Pope Francis lied, but the real question is why? Was he so pig-headed that he decided he knew best and the hell with the bishops? It sure seems that way, and speaking of hell, it also seems to this Catholic convert, not only did Francis sin, but a mortal sin if my understanding of the Catechism is correct, which states in part on the subject,
1859 Mortal sin requires full knowledge and complete consent. It presupposes knowledge of the sinful character of the act, of its opposition to God’s law. It also implies a consent sufficiently deliberate to be a personal choice. Feigned ignorance and hardness of heart do not diminish, but rather increase, the voluntary character of a sin.
As much as I did not care for Pope Francis, I pray he confessed that transgression before his death, lest he suffer the grievous consequences in the afterworld.
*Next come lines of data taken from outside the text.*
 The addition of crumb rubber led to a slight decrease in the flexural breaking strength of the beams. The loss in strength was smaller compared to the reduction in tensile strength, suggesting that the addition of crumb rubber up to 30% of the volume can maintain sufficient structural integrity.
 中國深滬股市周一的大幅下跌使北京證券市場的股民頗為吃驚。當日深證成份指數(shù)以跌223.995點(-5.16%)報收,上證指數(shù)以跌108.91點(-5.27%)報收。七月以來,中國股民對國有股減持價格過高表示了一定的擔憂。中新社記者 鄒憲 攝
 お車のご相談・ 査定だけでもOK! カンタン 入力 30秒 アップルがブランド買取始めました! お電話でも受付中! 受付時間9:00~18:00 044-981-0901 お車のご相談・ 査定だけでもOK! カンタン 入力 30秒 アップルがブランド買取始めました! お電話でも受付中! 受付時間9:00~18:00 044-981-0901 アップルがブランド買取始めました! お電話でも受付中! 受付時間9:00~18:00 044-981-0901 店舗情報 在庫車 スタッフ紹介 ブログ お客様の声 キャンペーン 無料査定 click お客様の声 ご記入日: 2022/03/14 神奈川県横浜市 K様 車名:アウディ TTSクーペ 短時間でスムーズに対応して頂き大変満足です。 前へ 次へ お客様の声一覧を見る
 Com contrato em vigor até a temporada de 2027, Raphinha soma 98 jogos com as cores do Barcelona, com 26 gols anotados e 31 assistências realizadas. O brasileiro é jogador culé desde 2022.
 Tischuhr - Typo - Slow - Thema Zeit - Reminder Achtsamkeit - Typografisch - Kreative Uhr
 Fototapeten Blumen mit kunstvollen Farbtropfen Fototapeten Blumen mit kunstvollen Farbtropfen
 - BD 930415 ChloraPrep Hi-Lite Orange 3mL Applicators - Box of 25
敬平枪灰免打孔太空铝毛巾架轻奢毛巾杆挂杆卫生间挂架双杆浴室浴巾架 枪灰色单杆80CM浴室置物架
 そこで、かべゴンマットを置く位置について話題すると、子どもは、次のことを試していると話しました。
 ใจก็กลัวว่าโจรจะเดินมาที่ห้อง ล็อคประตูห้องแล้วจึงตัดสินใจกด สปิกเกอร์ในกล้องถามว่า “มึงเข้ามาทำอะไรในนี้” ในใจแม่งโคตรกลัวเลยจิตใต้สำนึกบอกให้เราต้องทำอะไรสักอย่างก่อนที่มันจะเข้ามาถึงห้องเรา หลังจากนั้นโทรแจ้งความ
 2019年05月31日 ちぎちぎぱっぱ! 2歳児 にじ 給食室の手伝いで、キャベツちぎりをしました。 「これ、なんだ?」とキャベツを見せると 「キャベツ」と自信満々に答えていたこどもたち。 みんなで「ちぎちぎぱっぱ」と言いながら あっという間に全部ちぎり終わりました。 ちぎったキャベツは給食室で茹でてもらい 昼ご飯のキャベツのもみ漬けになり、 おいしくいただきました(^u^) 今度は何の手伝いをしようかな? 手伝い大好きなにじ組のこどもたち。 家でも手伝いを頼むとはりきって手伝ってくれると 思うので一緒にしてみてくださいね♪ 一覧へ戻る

There has been substantial buzz lately about whether or not Pope Francis was truthful when justifying his cancellation of Pope Benedict’s motu proprio, Summorum Pontificum, which substantially loosened restrictions on the Latin Mass. Francis, with his Traditionem Custodis, made the celebration of TLM farmore difficult, and with his later additions, it became nearly impossible.
Francis insisted he made his changes to Benedict’s motu proprio at the behest of the bishops, whom he claimed were polled and by a large majority desired it, claiming that TLM was causing disunity in the Church and that action against it was needed.
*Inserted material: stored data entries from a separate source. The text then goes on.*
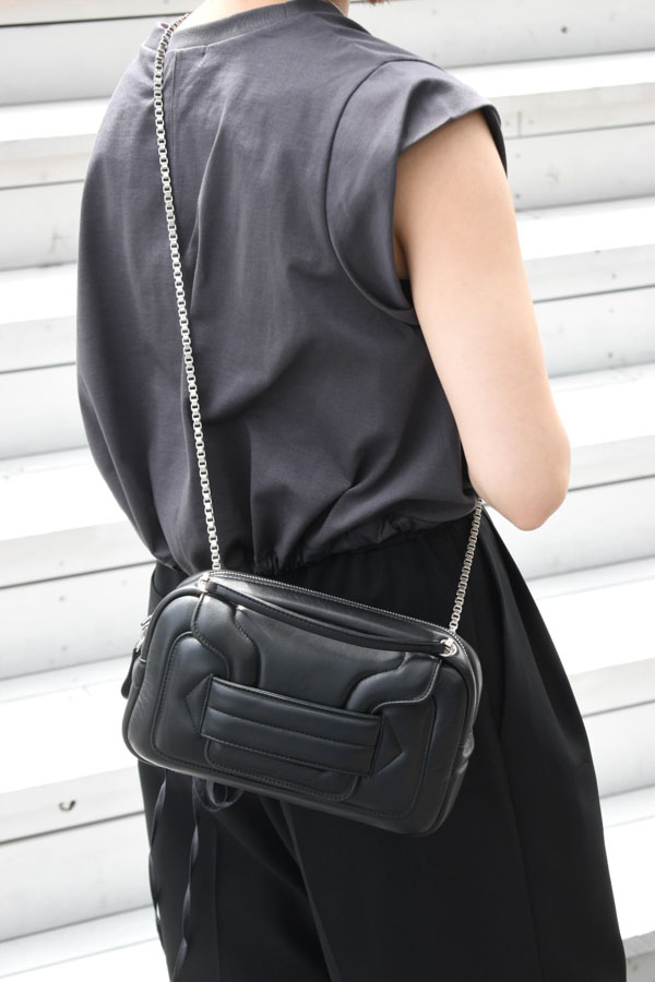 シンプルな色ですが、ぷっくりとした質感のシルエットとチェーンのかっこよさがベストマッチなこちらのバック。
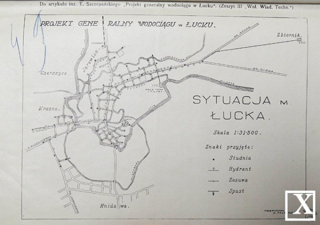В цій нудній і часом заплутаній історії з’являється вельми цікавий момент – п’ятий проект водогону для Луцька (попередні чотири були ще за царської Росії). Окружна дирекція робіт публічних (відділ Волинського воєводства) виразила готовність допомогти провести передпроектні роботи щодо влаштування луцького водогону. На запрошення дирекції у квітні 1925 року в Луцьк прибув випускник Цюріхської політехніки Тадеуш Щепанський. Він саме проектував водну мережу для Радома (а через два роки став першим директором радомського Міського підприємства водогону і каналізації) і на прохання дирекції публічних робіт створив проект і для Луцька. Крім опису, проект містив карту з позначенням розташування ключових пунктів водогону. Сьогодні роздивлятися такі мапи неймовірно цікаво!
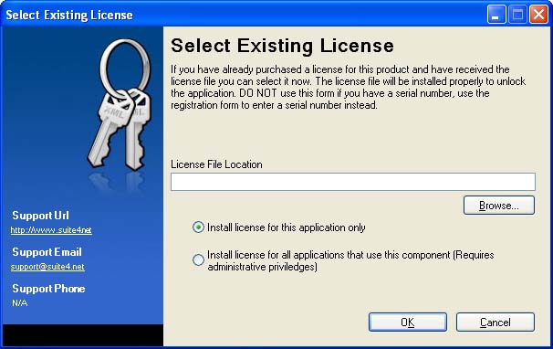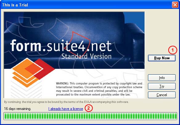 Clicking on "Buy Now" (1) will take you to a purchasing page at http://www.suite4.net where you can acquire a license for continued use of the product beyond the end of the trial period. After payment has been received an email containing a license file will be sent to you.
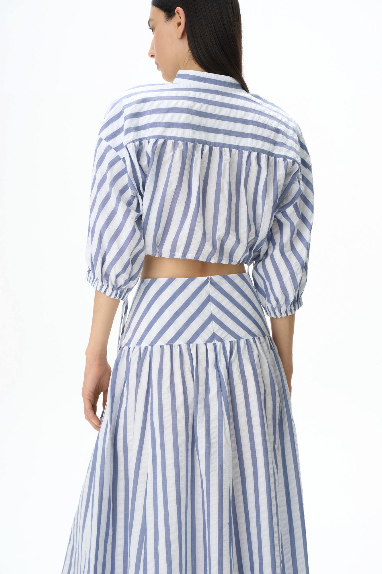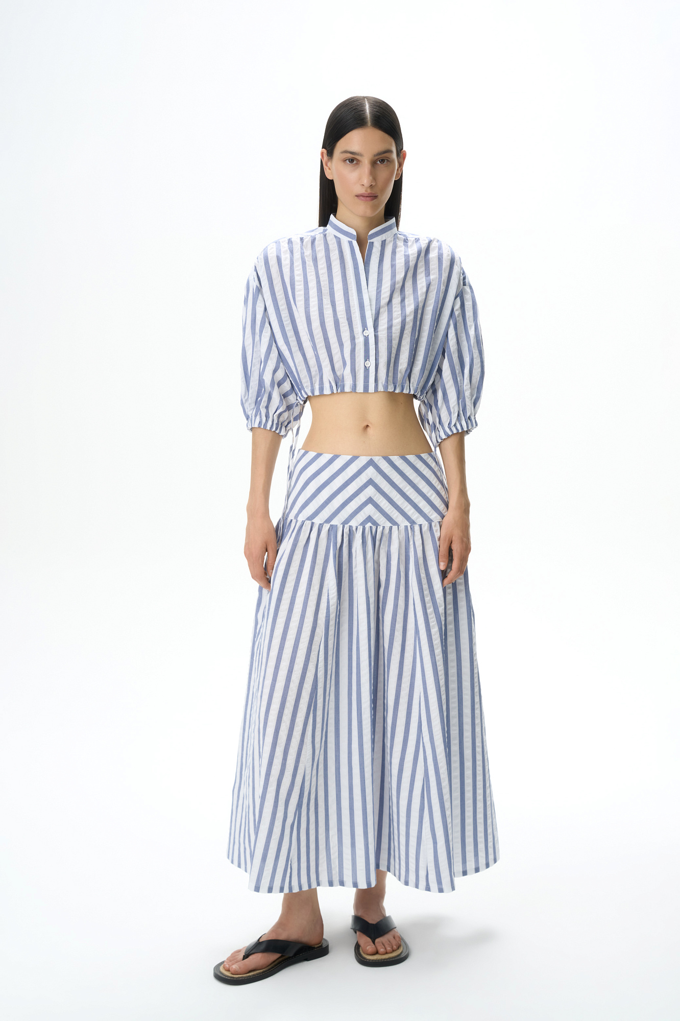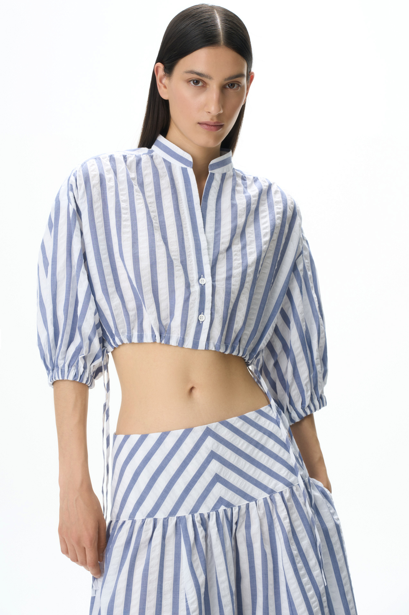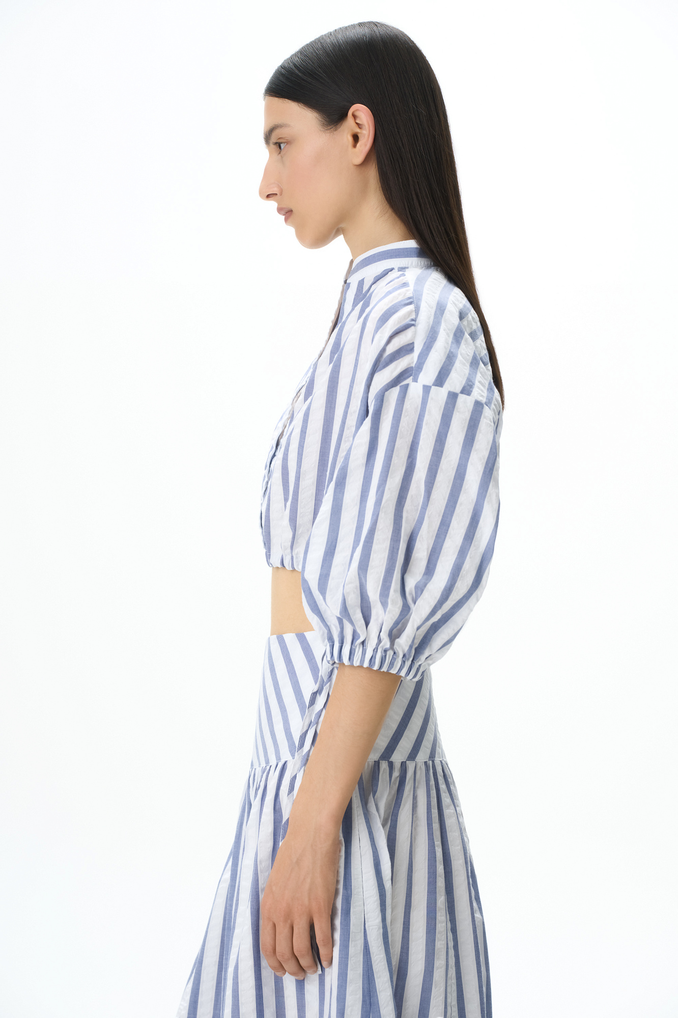 Укороченная рубашка с короткими рукавами на резинке, застежкой на пуговицы и кулиской по низу. Дополнить образ можно юбкой в таком же стиле.
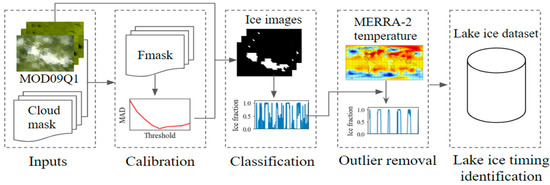 The algorithm for automatically calculating lake ice fraction and detecting lake ice timing contains five major steps is summarized in Figure 2. Firstly, cloud masks were used to remove cloudy pixels from each MODIS reflectance image (Section 2.3.1). Secondly, MODIS images were paired with same-day Landsat Fmask images to find the best reflectance threshold for differentiating ice from water. Thirdly, by counting the number of ice pixels on the ice classification image, the ice fraction over lake surface can be easily estimated and the time series of lake ice fraction is obtained (Section 2.3.2). Fourthly, a quality control operation was taken by using the air temperature data to filter out outliers in the time series of lake ice fraction (Section 2.3.3). Finally, lake breakup and freezeup dates for each lake over the 19-year study period were identified using the time series of lake ice fraction (Section 2.3.4).
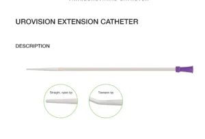 UROVISION EXTENSION CATHETER merupakan kateter ekstensi yang berfungsi sebagai perpanjangan dari kateter urin yang sudah terpasang. Tujuannya adalah untuk memfasilitasi drainase urin ke kantong penampung yang terletak lebih jauh dari lokasi pemasangan kateter awal. Produk ini tersedia dalam dua jenis ujung (tip): ujung lurus terbuka (straight, open tip) dan ujung Tiemann. Ujung lurus terbuka memiliki lubang di ujungnya untuk drainase yang mudah, sedangkan ujung Tiemann memiliki ujung yang melengkung untuk memudahkan insersi, terutama pada pasien pria dengan penyempitan uretra. Dengan adanya kateter ekstensi ini, pasien memiliki fleksibilitas lebih dalam penempatan kantong urin dan mengurangi ketegangan pada kateter utama.

Now, a respected Vatican reporter, Diane Montagna, writing in Substack, reports that the claim the bishops were opposed to TLM by a large majority is exactly wrong, that with Benedict’s easing up on TLM restrictions, the bishops were not only seeing far greater numbers of young people in church, but they were showing greater enthusiasm for Holy Church as well.
So was it a simple mix-up, the bishops’s wrongly claiming to be opposed to the Latin Mass? Not at all, according to reporter Montagna, who quotes an official Vatican report on the matter:
“[T]he majority of bishops who responded to the questionnaire stated that making legislative changes to Summorum Pontificum would cause more harm than good.”
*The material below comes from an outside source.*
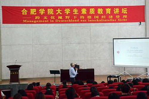 奚偉德教授是一位學(xué)者型的企業(yè)家。在繁忙的工作之余,他從來(lái)沒(méi)有忘記過(guò)他在合肥學(xué)院的教育事業(yè)。2015年6月,已成為德國(guó)奧斯納布呂克大學(xué)經(jīng)濟(jì)學(xué)系博士生導(dǎo)師的他又一次來(lái)到合肥學(xué)院,做客大學(xué)生素質(zhì)教育講壇,開(kāi)展了題為《從跨文化視野看德國(guó)經(jīng)濟(jì)管理》專(zhuān)題報(bào)告。
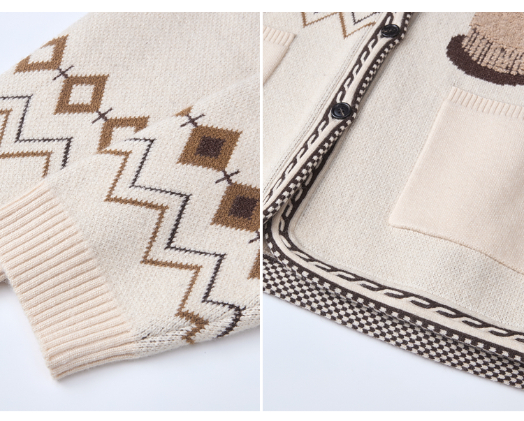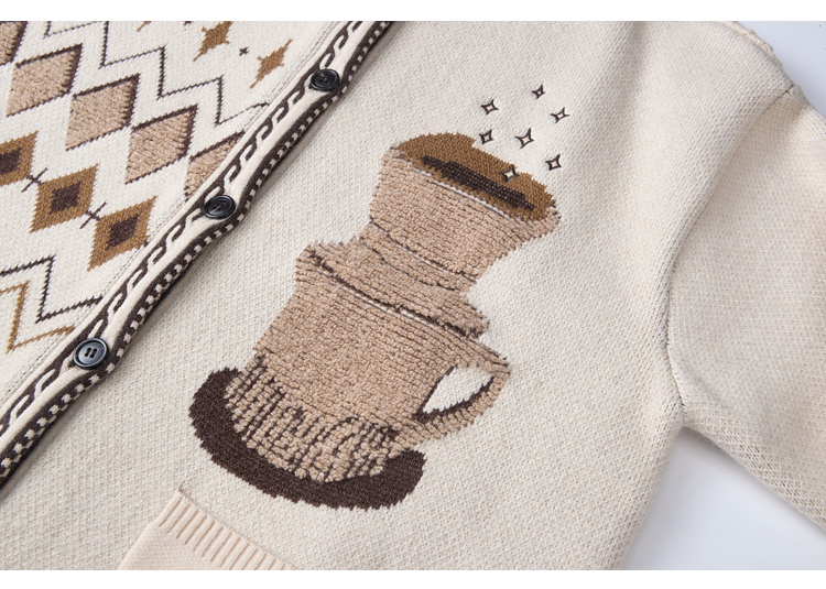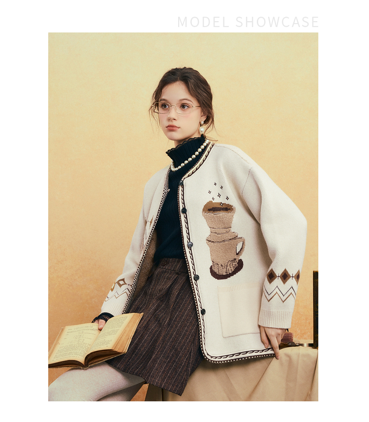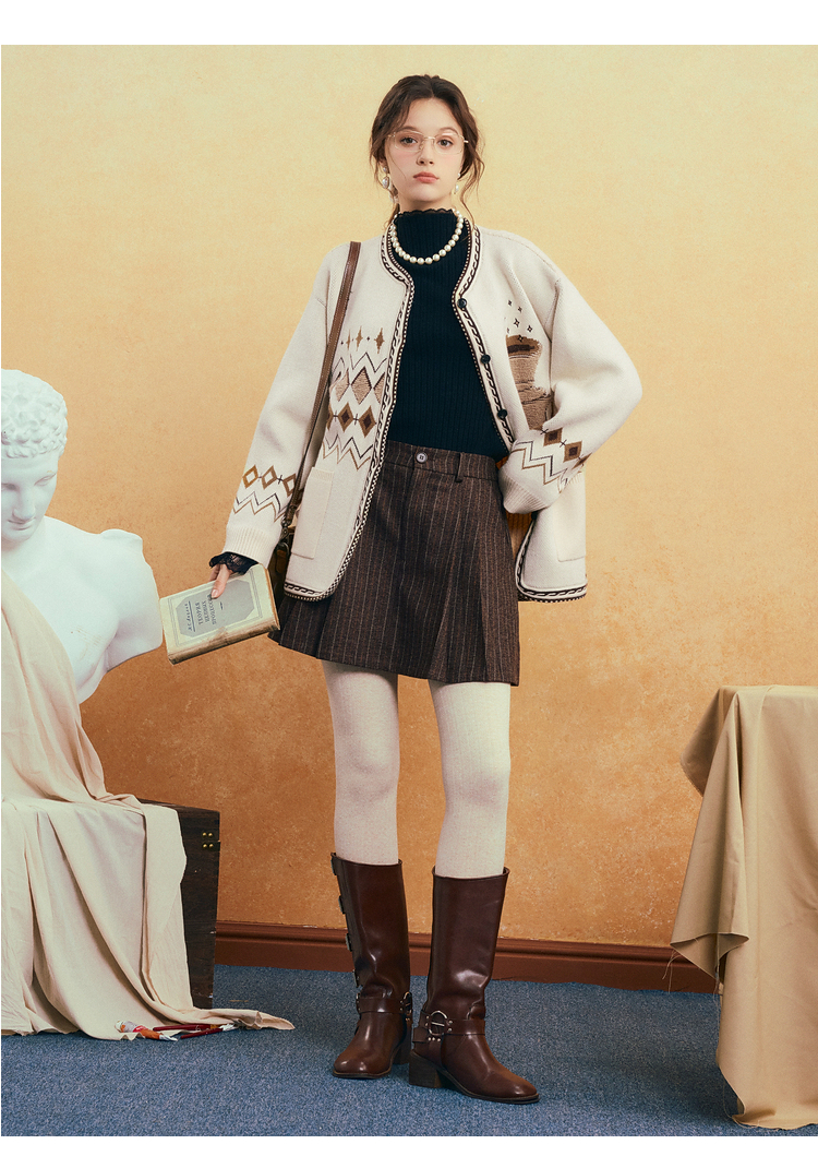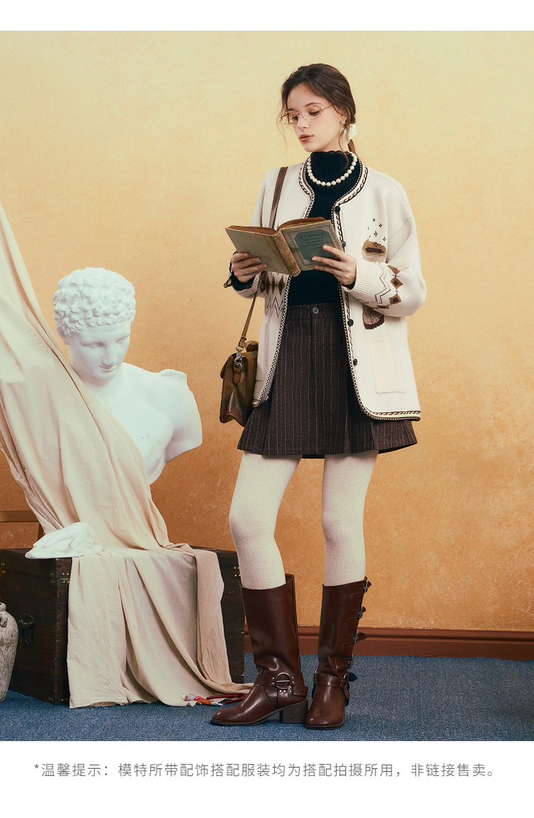两三事 琉璃诗颂 2025冬季新款优雅几何图案提花毛衣外套女宽松

The overall assessment directly contradicts, therefore, the stated rationale for imposing Traditionis Custodes and raises serious questions about its credibility.
…
Furthermore, the text clearly shows that Traditionis Custodes disregarded and withheld what the report said about the peace Summorum Pontificum had restored, and turned a blind eye to a “constant observation made by the bishops”— that younger people were being drawn into the Catholic Church through this older form of the liturgy.
The official report is long and thorough, but it’s understandable, given the seriousness of the claims against Pope Francis. Montagna’s reporting of only a small detail from it though, reflects more than a little poorly on the integrity of Francis.
Pope Francis not only had the report, but according to reliable sources, literally snatched a working copy out of Cardinal Ladaria’s hands during an audience, telling him he wanted it immediately because he was curious about it.
If Francis did satisfy his curiosity, then it looks as if he just plain lied when claiming he was complying with the bishops’s wants.
I wondered rhetorically in a post not long ago if Francis not only disliked TLM, but its celebrants and those attending it as well. It looks as if I may have accidentally been onto something.
The big question now is, what, if anything, is Pope Leo going to do about this messy situation?